What IOSG thinks matters next
The report ends by saying today’s hosted options are still imperfect. Users who want the strongest privacy through E2EE must wait for features to be rebuilt in places the provider cannot read. Private harness systems still depend on protocol-layer trust at the service boundary. Reasonably priced post-training still often requires trusting third-party vendors to get the best fine-tuning results. Self-hosting cuts providers out entirely, but running the strongest open models locally can cost more than most people can justify.
Even with those gaps, IOSG says private AI is now a real and affordable option. On the consumer side, Lumo and Venice offer free private chat with open models under no-log promises, while Venice or Tinfoil subscriptions priced at $18 to $20 put similar chats inside enclaves for about the cost of a ChatGPT subscription. On enterprise workflows, attested endpoints can already be cheaper than plaintext ones. IOSG also says endpoints such as NEAR’s E2EE API can bring encrypted context into enclaves today, with memory, file uploads, and custom instructions already working over E2EE.
On the training side, NVIDIA’s upcoming Vera Rubin NVL72 will expand confidential computing from Blackwell’s eight-GPU node to a 72-GPU rack, making frontier RL loops more feasible without exposing IP.
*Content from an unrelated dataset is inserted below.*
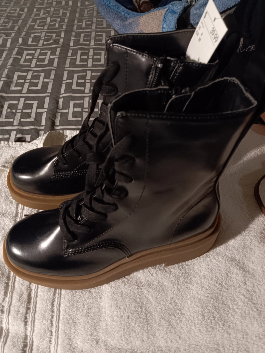 New black platform boots with laces. Size 6. Brown platform sole. Zipper closure on the side.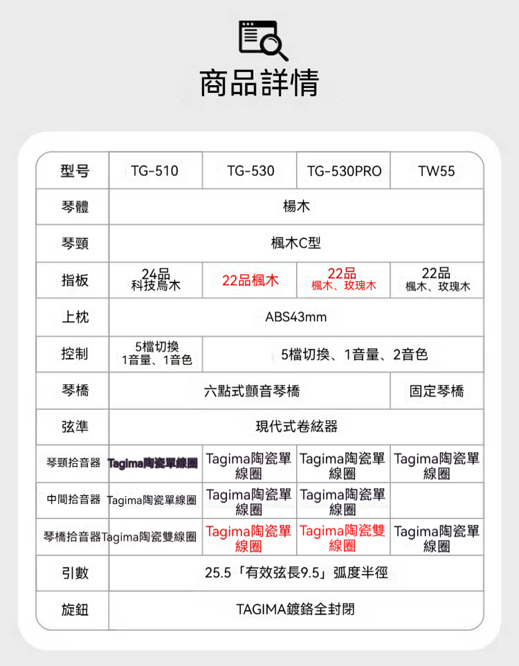 - 拾音器:單單單(Tagima 3單線圈陶瓷磁鐵)

Still, IOSG argues the real value does not sit in renting enclaves alone. The defensible ground is in what remains unsolved: training loops sealed inside enclaves, end-to-end private tool execution, and search indexes that can answer without seeing the terms. Whoever delivers one of those first will be selling something that is harder to commoditize than a switch on a standard chip.
Its bottom line is not that trust disappears. For execution-heavy, agent-heavy workflows, trust may still be the practical choice because every tool call hands plaintext to a destination that enclaves cannot fully shield, and frontier models still justify their price in that loop. But for strategy, planning, and expert judgment that distinguish one firm from another, IOSG says verification matters more. In that domain, the report argues, companies can use proprietary insight to fine-tune open models inside environments they control.